Ночь и туман. Приёмная дочь

11 декабря 1941 года

Париж, оккупированная территория Франции

Войдя в донжон, Колокольцев сразу же осведомился у голой Катрин (которую Ирма – для усиления психологического эффекта – и не подумала отвязывать):

«Работаешь где?»

Девушка удивлённо ответила: «У отца в мастерской. Он ремонтирует электротехнику всякую… в смысле, оборудование… я тоже – понемногу…»

«Ремонту отец научил?». Катрин покачала головой: «Да нет, сама как-то научилась. Нас в семье три дочери; я младшая; отец всегда хотел сына…»
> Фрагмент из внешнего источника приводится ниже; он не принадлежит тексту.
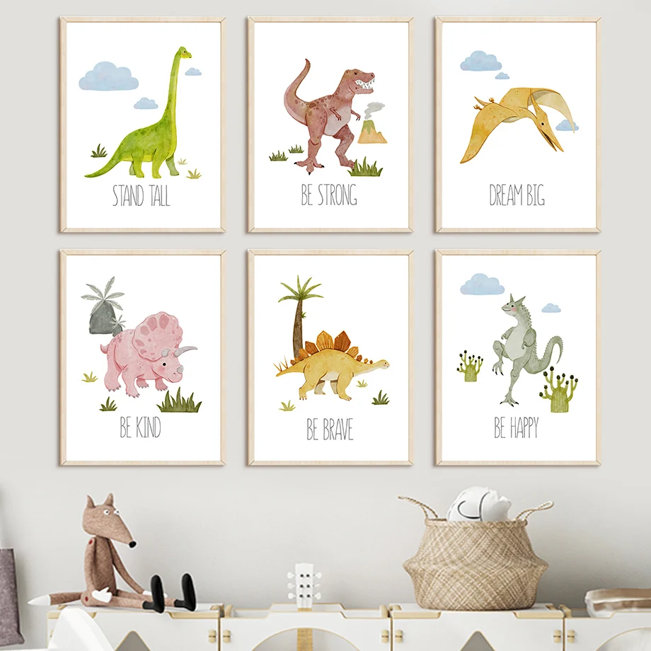 Настенная картина с цифрами, алфавитом, динозавром, мультяшными животными, детской, Настенная картина, скандинавские постеры и принты, настенные картины, декор для детской комнаты
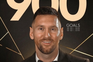 金球奖官方写道:“职业生涯900个进球,里奥·安德烈斯·梅西,偶像。”

«Понятно» – усмехнулась Ирма. «В конце концов махнул рукой и стал младшую воспитывать как мальчишку… вот и получилось… что получилось»

Она грустно вздохнула. Девушка испуганно-быстро заявила: «Семья не при делах совсем. Кроме отца, никто даже не знает; отец знает, но не одобряет… даже выпорол меня однажды… ремнём»

«Судя по твоим выходкам» – усмехнулась зондерфюрерин, «только хуже стало… поэтому он просто махнул рукой…»

Всем своим видом дав понять, что если бы порола она, то мамзель Бартез и думать забыла бы о каком-то там Сопротивлении…

Катрин кивнула. Колокольцев продолжил допрос: «Любимые предметы в школе?». Она пожала плечами и вздохнула: «Естественные науки… естественно»

«А точнее?» – потребовал Колокольцев. Девушка перечислила: «Химия, физика, математика…». Он не столько осведомился, сколько констатировал: «Именно в таком порядке?»

Она кивнула. Колокольцев задал экзистенциальный вопрос: «Капитан Ален общался с тобой напрямую? Минуя командира группы?»

Редчайшая редкость в коммунистическом подполье – а вот для этого инфернального персонажа совершенно естественная линия поведения.

Катрин Бартез недоумённо кивнула: «Да, именно так… а как Вы узнали?»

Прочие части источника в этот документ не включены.